____ INPUT DATA

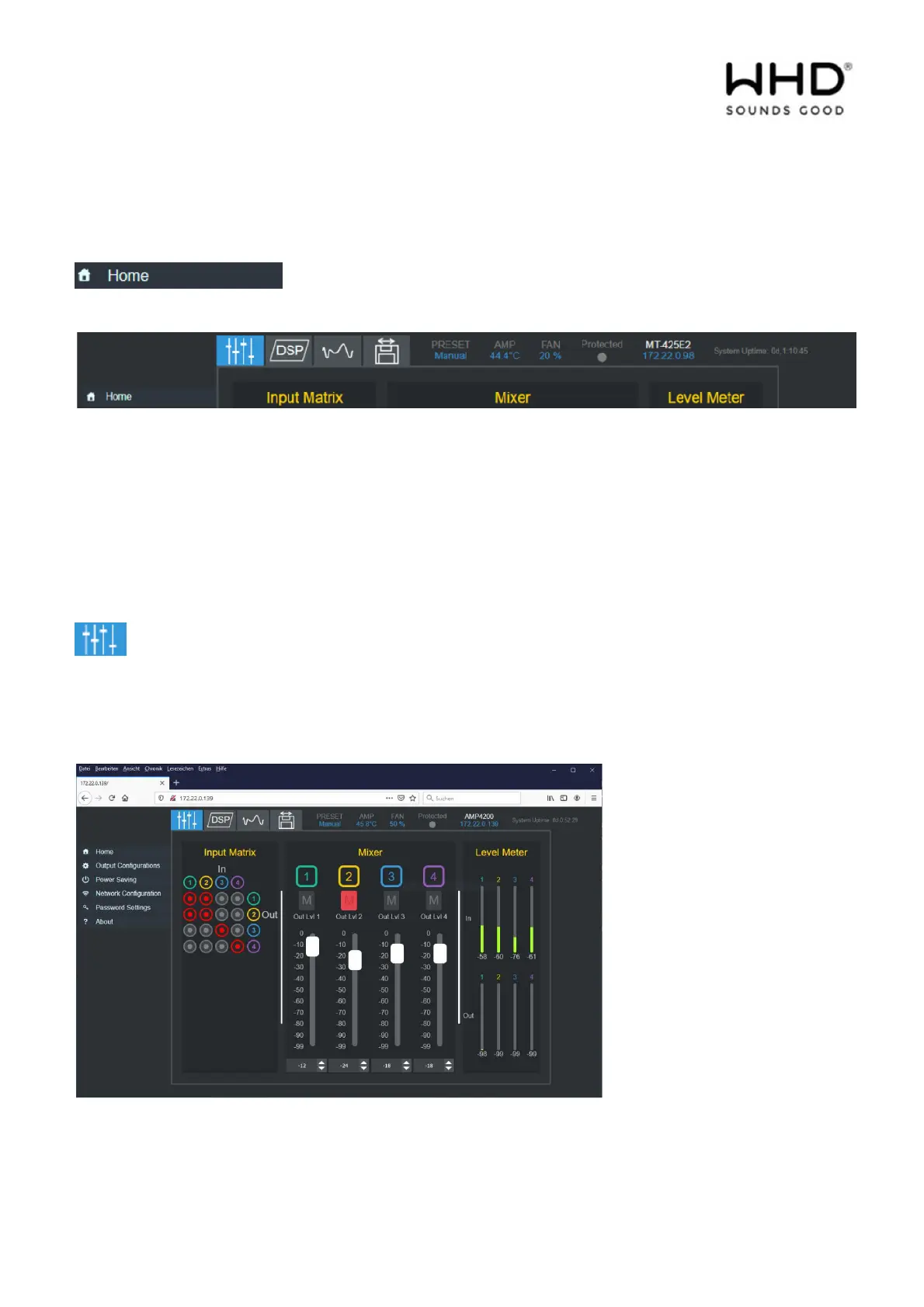 Input signals can be mixed and assigned to specific outputs via the input matrix.
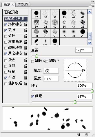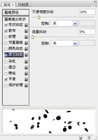 65、再继续添加元素。烟民想要的是一些闪闪发光的萤火虫环绕在文字周围,让文字显得更加炫彩夺目。那这里给出小亮点的制作方法。设置前景色为白色。选择画笔工具, 画笔不透明度100%,打开画笔设置选项。
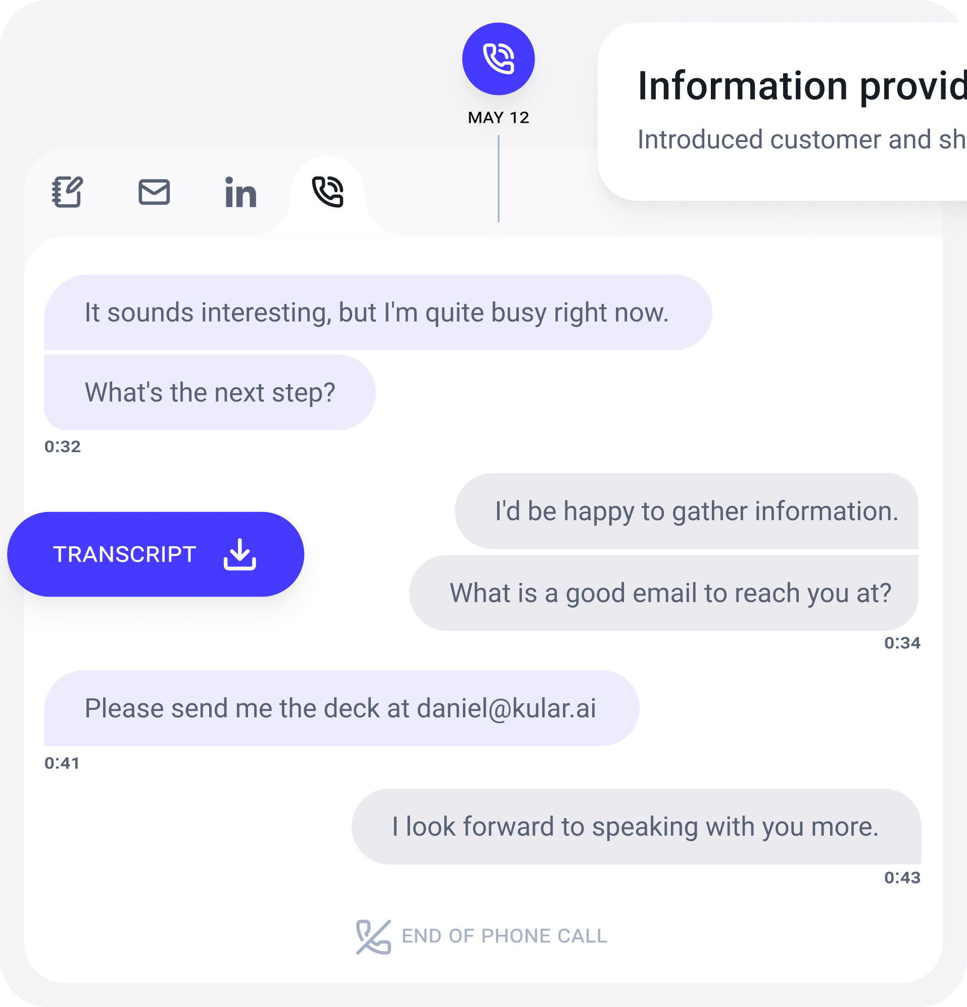 Kular automatically identifies visitors to your website and evaluates whether they’re a good fit for your business before reaching out. You can also clone your voice with AI, letting prospects speak directly with “you” on your site. This ensures irrelevant leads are filtered out while demonstrating that your business is at the forefront of AI.
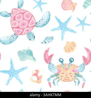 Watercolor Seamless Pattern On The Marine Theme With Underwater Plants
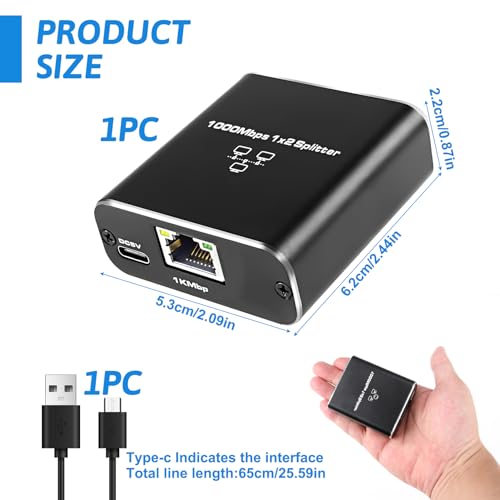 Cutekid - Ethernet Splitter 1 to 2 1000Mbps Ethernet Switch 2 Port Gigabit Network Switch Splitter with Type-C Power Cable for Computer Hub Switch Router ADSL Set-Top Box Digital TV, Support 2 Devices Working

________

[EXERCISE]:
The answer must consist only of the lines from the beginning of the entries above through the line that holds "Kular automatically identifies", reproduced exactly and without pictures.

[RESPONSE]:
 Input signals can be mixed and assigned to specific outputs via the input matrix.
 65、再继续添加元素。烟民想要的是一些闪闪发光的萤火虫环绕在文字周围,让文字显得更加炫彩夺目。那这里给出小亮点的制作方法。设置前景色为白色。选择画笔工具, 画笔不透明度100%,打开画笔设置选项。
 Kular automatically identifies visitors to your website and evaluates whether they’re a good fit for your business before reaching out. You can also clone your voice with AI, letting prospects speak directly with “you” on your site. This ensures irrelevant leads are filtered out while demonstrating that your business is at the forefront of AI.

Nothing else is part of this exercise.